Davey Wredon's The Stanley Parable floored critics and players alike when it came out in 2011, originally as a mod for Half-Life 2. The game wryly explores the determinism subtly at play in just about every video game, exposing how that determinism is usually masked by some appearance of free will. You play as the nondescript and eponymous Stanley, an office drone who finds, one day, that his officemates have disappeared. He goes in search of them, but that mystery is merely a catalyst for the real conflict in the game: the relationship between Stanley and the narrator. Brilliantly voiced by Kevan Brighting, the narrator describes what Stanley "does" before the player actually makes Stanley *do* it; for example, at the first major branch moment, you stand in front of two open doors while the narrator says, "Stanley went through the door on the left." If you choose to do so, the story continues quite logically. If you choose to rebel, the narrator reacts. The continued sequence of branching choices leads to 19 potential game endings, some hilarious, some miserable, after each of which the game restarts with you in your office once more, able to play through again and make different choices.

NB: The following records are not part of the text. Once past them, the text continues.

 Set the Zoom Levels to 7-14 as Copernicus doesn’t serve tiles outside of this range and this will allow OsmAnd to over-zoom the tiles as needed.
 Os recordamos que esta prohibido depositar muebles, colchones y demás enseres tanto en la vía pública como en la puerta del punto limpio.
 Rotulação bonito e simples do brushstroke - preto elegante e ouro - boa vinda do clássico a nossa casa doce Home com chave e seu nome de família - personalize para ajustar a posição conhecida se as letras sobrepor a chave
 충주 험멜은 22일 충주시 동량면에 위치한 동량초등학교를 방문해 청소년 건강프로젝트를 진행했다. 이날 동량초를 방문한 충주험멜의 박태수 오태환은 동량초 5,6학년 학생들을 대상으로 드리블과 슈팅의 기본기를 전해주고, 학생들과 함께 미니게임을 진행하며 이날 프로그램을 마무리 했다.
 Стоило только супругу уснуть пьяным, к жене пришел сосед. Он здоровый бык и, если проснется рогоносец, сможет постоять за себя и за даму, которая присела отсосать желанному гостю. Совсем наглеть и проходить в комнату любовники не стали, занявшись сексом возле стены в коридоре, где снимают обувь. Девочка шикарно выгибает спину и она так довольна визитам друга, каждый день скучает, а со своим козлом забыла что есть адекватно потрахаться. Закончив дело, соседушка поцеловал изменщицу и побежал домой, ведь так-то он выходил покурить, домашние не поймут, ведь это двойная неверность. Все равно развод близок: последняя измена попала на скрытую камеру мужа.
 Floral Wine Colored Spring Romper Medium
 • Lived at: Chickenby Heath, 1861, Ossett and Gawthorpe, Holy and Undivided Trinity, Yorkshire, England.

No matter what you choose, however, it becomes increasingly clear that your decisions (and Stanley's possible lives) are predetermined, if only by the nature of the game. Each story arc you experience is only available because the developer created it. It's not like you're in a huge, open-world sandbox with hundreds of hours of possible content. You're in a branching-narrative piece of interactive fiction in which you will always, unless you quit the game entirely, wind up back where you started. The narrator mocks your narrative impotence mercilessly at times, giving you glimpses of something that seems like freedom only to have things snap back into place while he tells you you'll always be an office drone with no spine, pressing buttons because you lack the curiosity and the courage to do anything else.

The player's goal thus tends to be to break the game and in some way break out of the deterministic loop. Although, I (shamefully) didn't. The first time I played, I got what's called (sarcastically) The Freedom Ending, which means I followed the narrator's instructions to the letter. I "won" but, by following all the rules, missed most of the content. I feel this doesn't say great things about my obedience to authority. But the game really doesn't let you break it in any meaningful way; all the narrator's snarky comments are obviously prerecorded, nothing you can do is ever truly "unexpected," the game is literally made to taunt you to break it, then pat you patronizingly on the head because you can't. It's totally fantastic.

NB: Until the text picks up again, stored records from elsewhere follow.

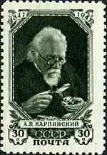 - Серия «100-летие со дня рождения академика А. П. Карпинского»: портрет А. П. Карпинского, тёмно-зелёная. Глубокая печать, перфорирована: линейная зубцовка 12½ (на каждые 2 сантиметра края марки приходится 12½ зубцов). В марочных листах 100 (10×10) марок[1][6][7].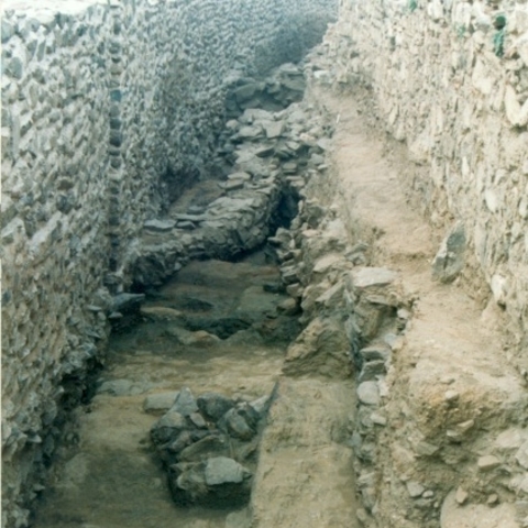 Στο βορειότερο τμήμα του δρόμου αποκαλύφθηκε σε μήκος 14 μ. και πλ. 1,60-2 μ., το βορειοδυτικό τμήμα ενός ορθογώνιου κτιρίου (κτίριο Α) κτισμένου στον άξονα Β > Ν (Σχ. 2) (Εικ. 3). Τα όρια του κτιρίου προς τα νότια δεν ήταν δυνατό να εντοπιστούν με ακρίβεια και η συνέχειά του προς τα ανατολικά είχε διακοπεί με την κατασκευή του αναλημματικού τοίχου που στήριζε τον ρωμαϊκό δρόμο.[128]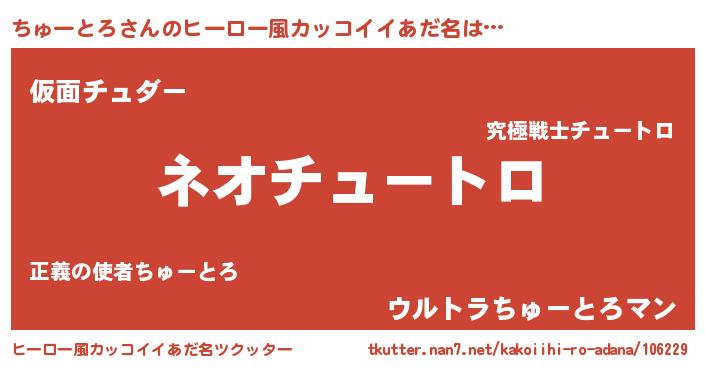 | 男性向けラノベタイトル風あだ名 | 『ちゅーとろという概念が存在しない退屈な世界 』 |
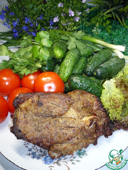 Мясо отправить в разогретую до 200 градусов духовку (температуру и время я даю ориентировочно, так как все зависит от вида и качества мяса, а также духовки у всех разные). Время приготовления 30-40 минут. Если у вас условия позволяют в любой момент раскочегарить мангал, то готовьте мясо на углях.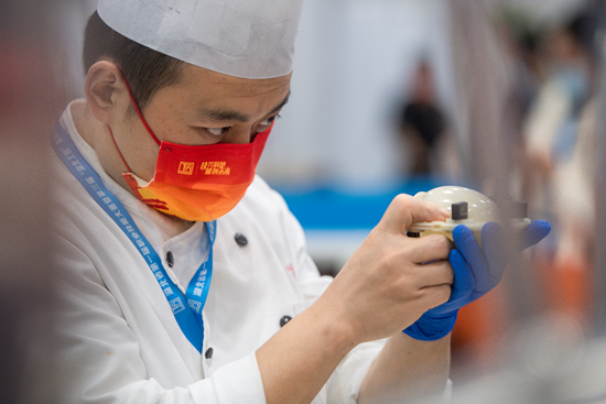 11月17日,参赛选手在西式烹调项目比赛中。当日,湖北省第一届职业技能大赛在武汉国际博览中心举行。来自90余家企业、院校的400余名选手同台竞技,参加3D数字游戏艺术、机电一体化、信息网络布线、机器人系统集成等多项技能的比拼。新华社记者 伍志尊/摄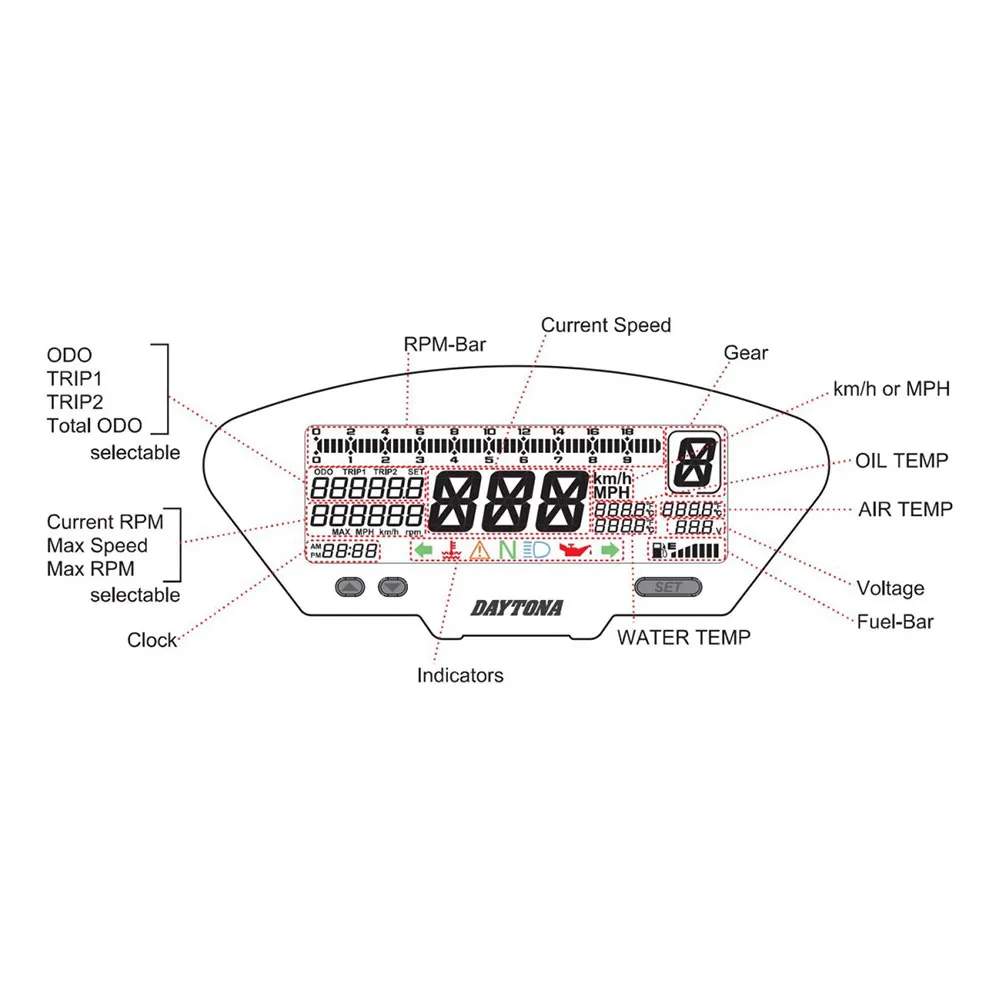Produktbeskrivelse af Daytona DEVA01 hastighedsmåler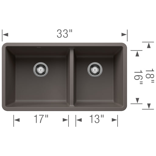 Blanco 443118 Precis SILGRANIT 33" 60/40 Double Bowl Undermount Kitchen Sink - Volcano Gray

I once waited 20 minutes before pressing anything because the narrator had taunted me with a quip about how controlled I was, how I couldn't stop myself from doing what he told me. I waited to see if anything might happen were I not to do as he asked, and of course nothing occurred. Eventually, out of boredom, I pressed it so the story would continue. Which, I feel, leads us back to the undeniable truth that, if you want to live in a non-deterministic universe, you must be willing to be bored sometimes. Constant stimulation is paid for by giving yourself over to another person or entity's control, enjoying the story they designed for you to experience. A game that lets you be bored (like, ahem, No Man's Sky) is much less deterministic.